## EXERCISE GOAL
Take the lines from the one with "フォークを分解点検します。イ" through the last line of the material below and write them out exactly, without any pictures.

## THE DATA

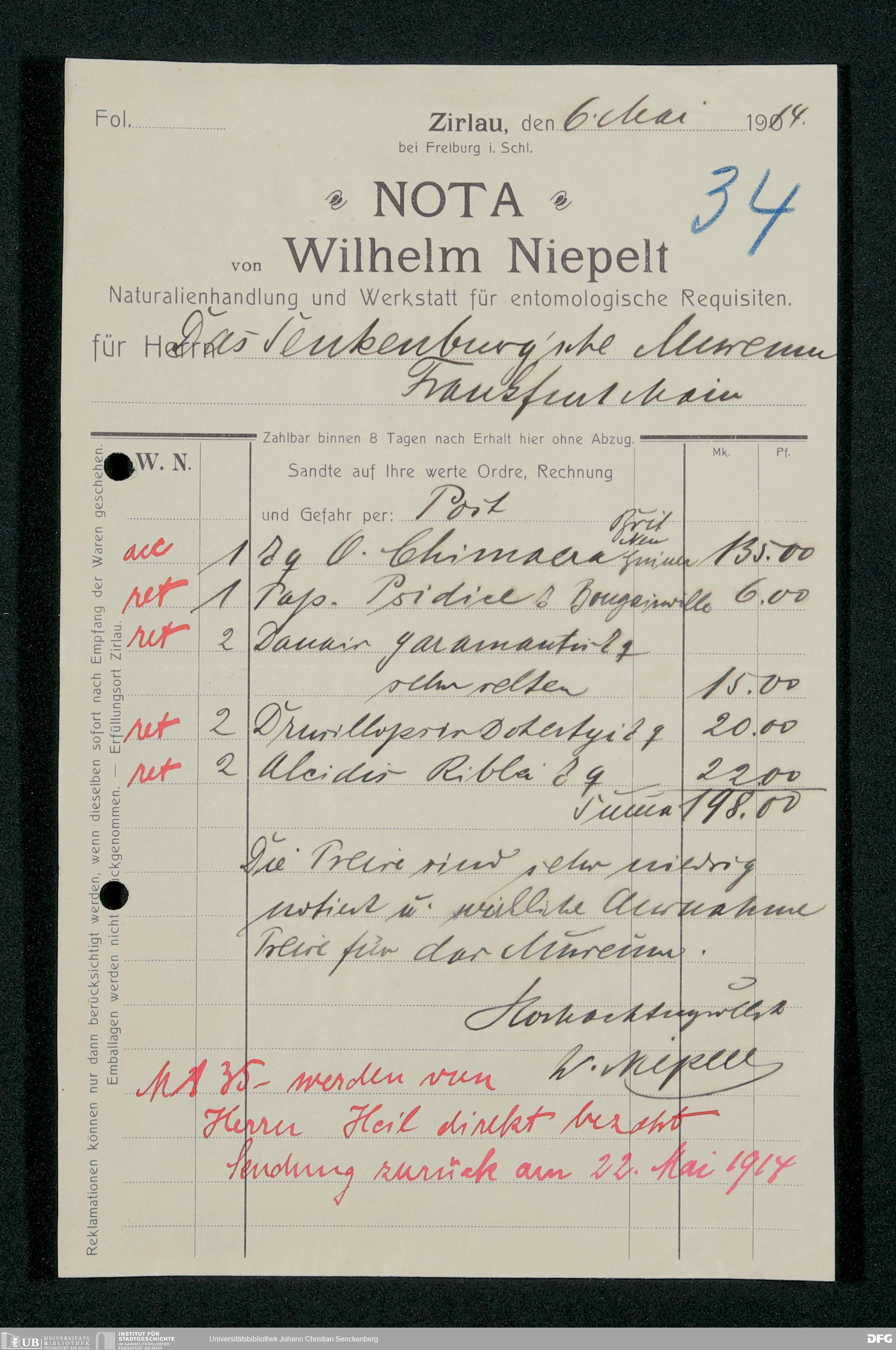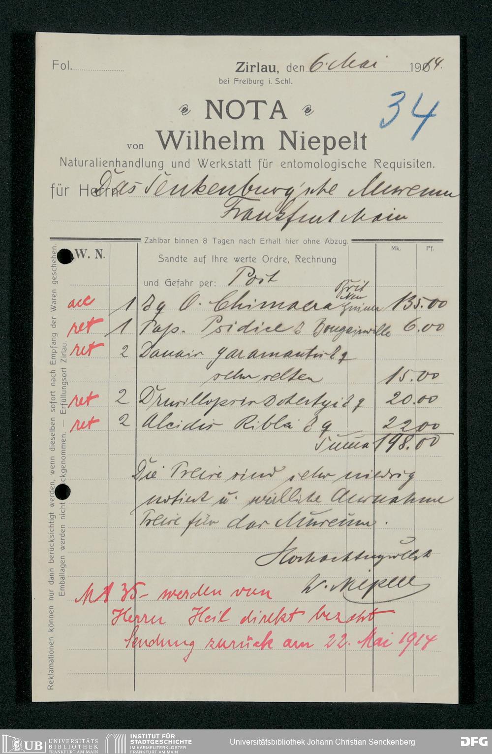 V176 Senckenberg Gesellschaft für Naturforschung, 163 - Ankauf und Tausch zoologischer Exponate, Bd. 4
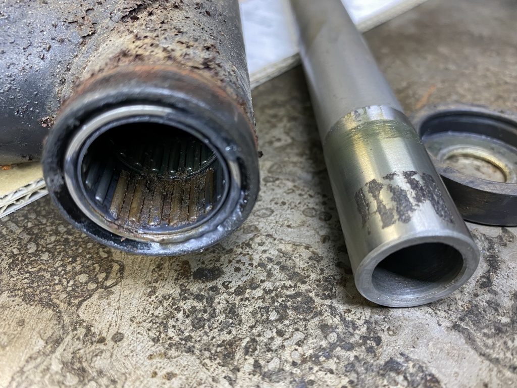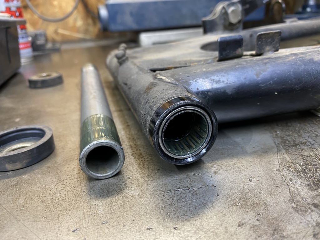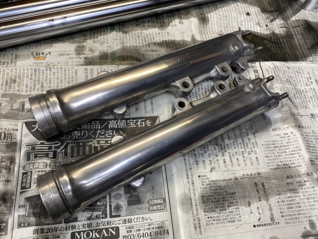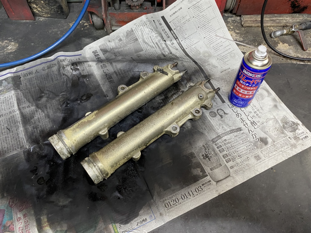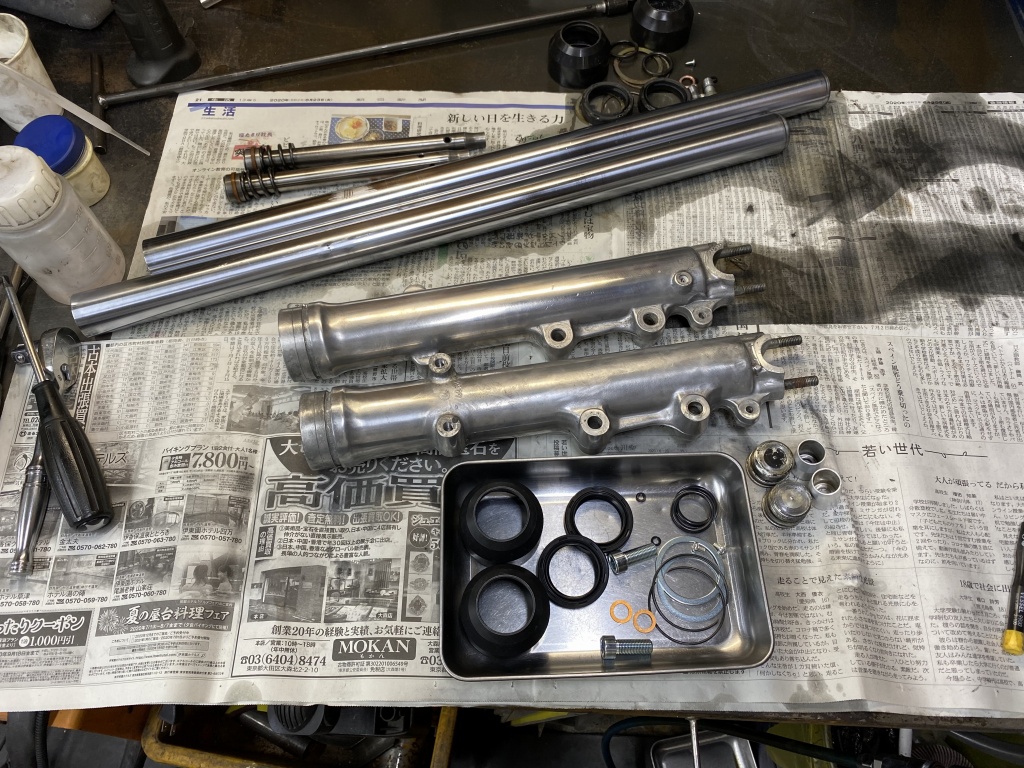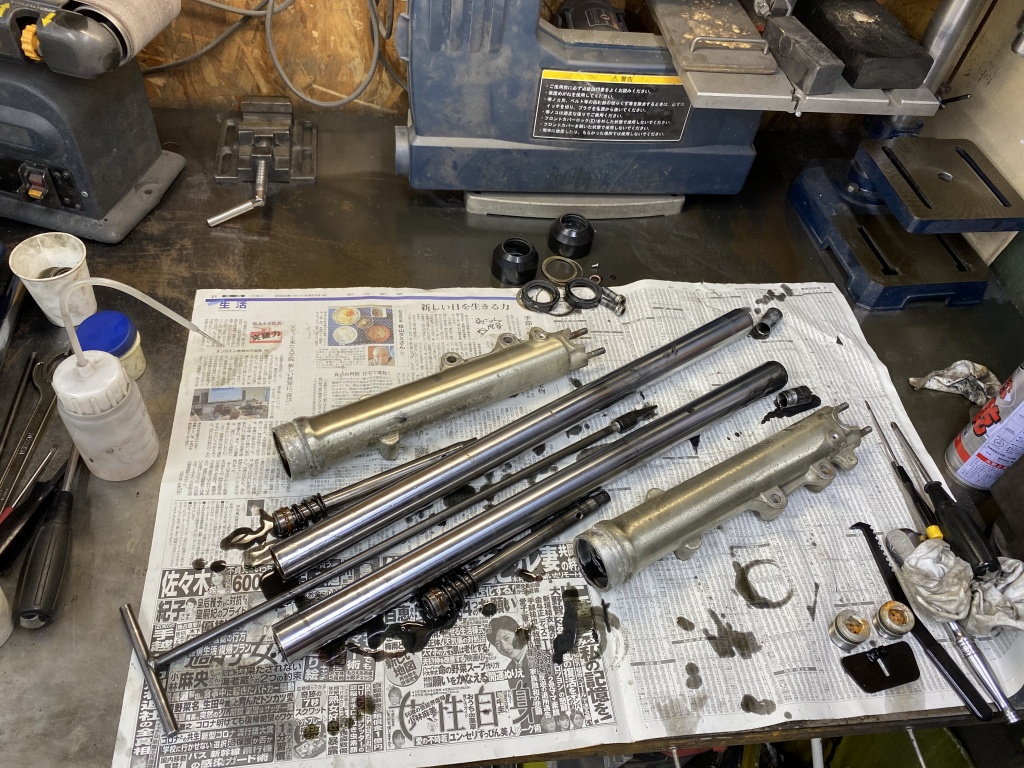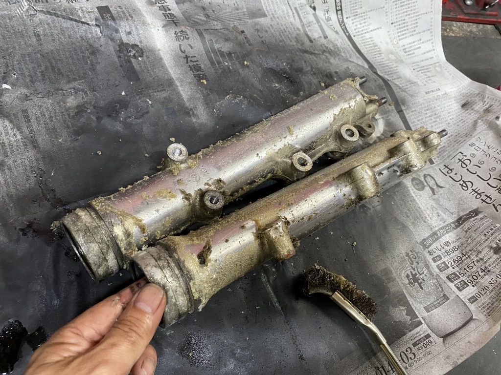 フォークを分解点検します。インナーにサビやキズはありますが、摺動部分ではないので良しとします。
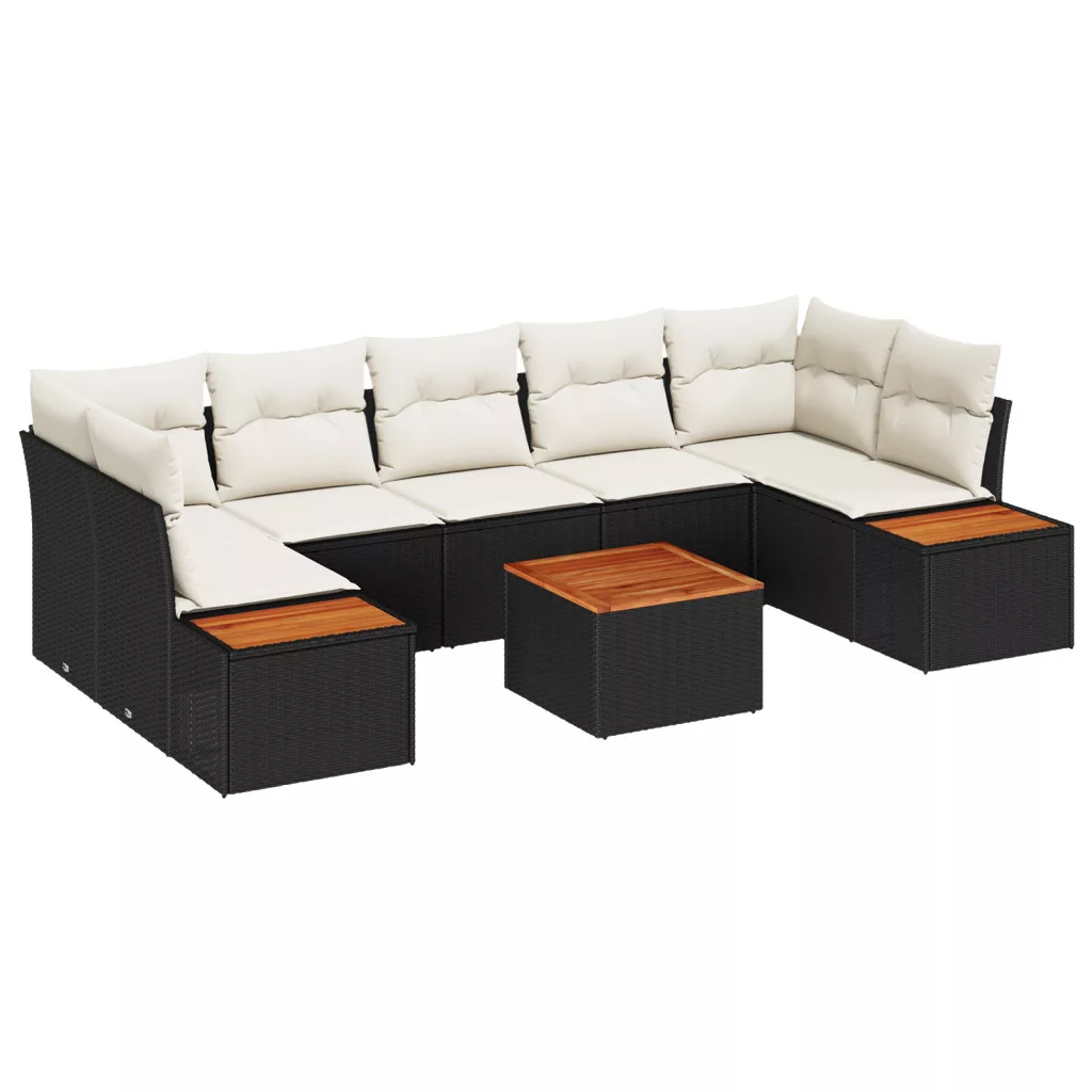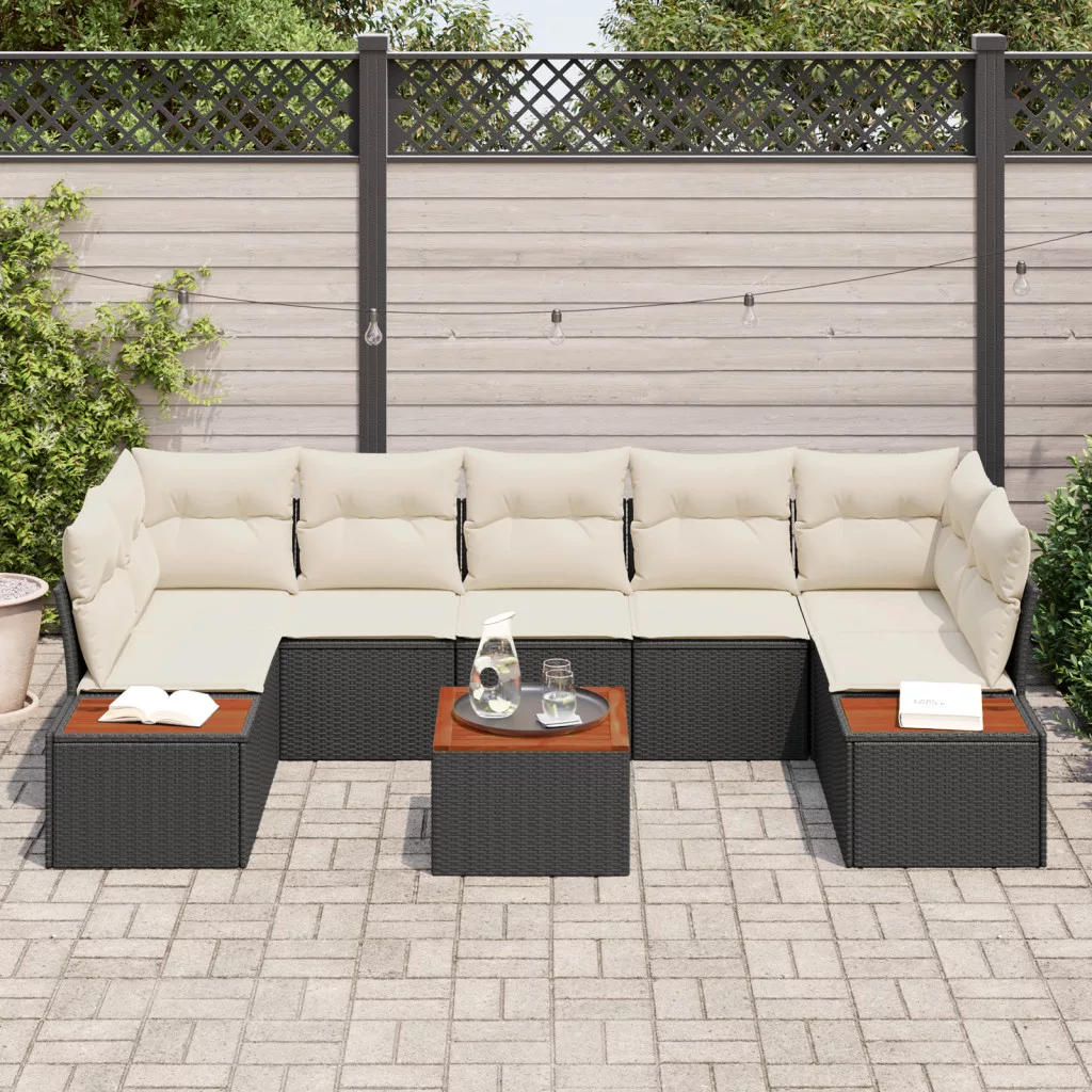 8 Darabos Kerti Kanapé Szett Párnákkal Fekete Polirattan Akáciával

## RESULT FOR THIS EXERCISE
 フォークを分解点検します。インナーにサビやキズはありますが、摺動部分ではないので良しとします。
 8 Darabos Kerti Kanapé Szett Párnákkal Fekete Polirattan Akáciával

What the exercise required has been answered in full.